Since the absence of bodily comfort meant inspiration of mind, of course I wrote in a room without a fire. Our architecture is of tropical origin; so the lack of the little brazier of glowing charcoal brought the temperature down to that of outside. Japanese picture-writing is slow and careful work. I froze my fingers that morning without knowing it until I looked back and saw my good nurse softly crying as she watched my purple hand. The training of children, even of my age, was strict in those days, and neither she nor I moved until I had finished my task. Then Ishi wrapped me in a big padded kimono that had been warmed and hurried me into my grandmother’s room. There I found a bowl of warm, sweet rice-gruel made by my grandmother’s own hands. Tucking my chilled knees beneath the soft, padded quilt that covered the sunken firebox I drank the gruel, while Ishi rubbed my stiff hand with snow.

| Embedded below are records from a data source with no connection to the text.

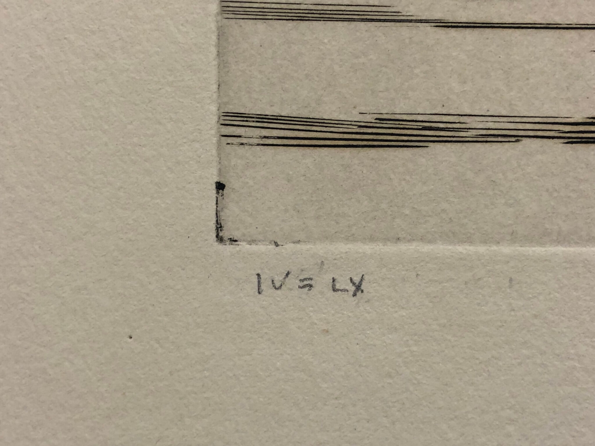 Original engraving, signed in pencil and annotated “IV=XL”, printed on heavy, felt-finish, cream wove paper. Fine condition. Free shipping to US address.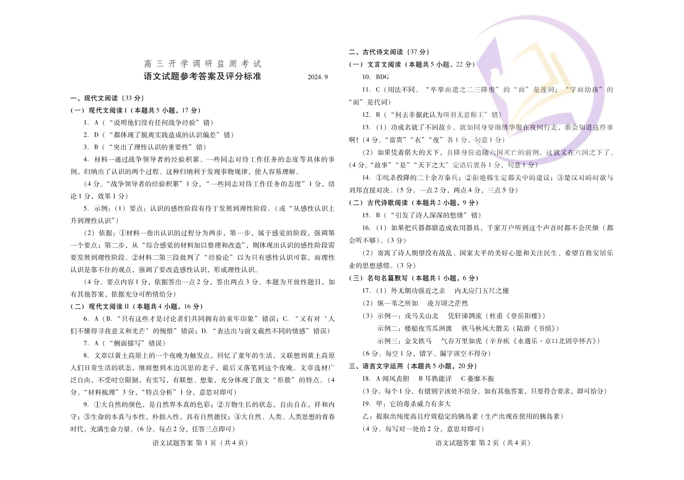 山东省潍坊市2024.9高三开学调研监测试题语文答案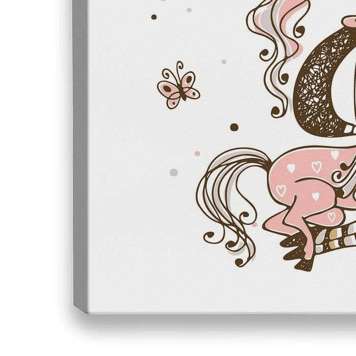 Tekening van een schattig meisje met een paard met hoorn die een knuffel krijgt. Het haar van beide is roze en de meid heeft een kroontje op. Er vliegen een paar lieve vlinders rond.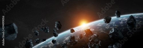 Poster panoramic space planets background. panorama of distant solar system with exoplanets 3d rendering el - Posters Poster panoramic space planets background. panorama of distant solar system with exoplanets 3d rendering el - Posters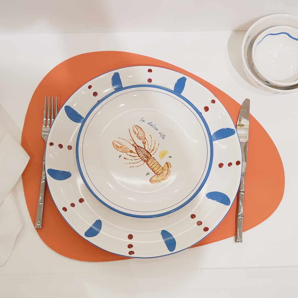 JOGO AMERICANO DUPLA FACE IMPERMEÁVEL ORGÂNICO LARANJA E AZUL 42 CM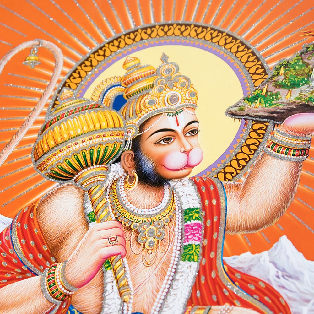 〔約40.5cm×約30.5cm〕輝くラメ入り・インドのヒンドゥー神様ポスター - ハヌマーン 猿族の王子様 通販店

Of course, the necessity of this rigid discipline was never questioned by anyone, but I think that, because I was a delicate child, it sometimes caused my mother uneasiness. Once I came into the room where she and Father were talking.
“Honorable Husband,” she was saying, “I am sometimes so bold as to wonder if Etsu-bo’s studies are not a little severe for a not-too-strong child.”
My father drew me over to his cushion and rested his hand gently on my shoulder.
“We must not forget, Wife,” he replies, “the teaching of a samurai home. The lioness pushes her young over the cliff and watches it climb slowly back from the valley without one sign of pity, though her heart aches for the little creature. So only can it gain strength for its life work.”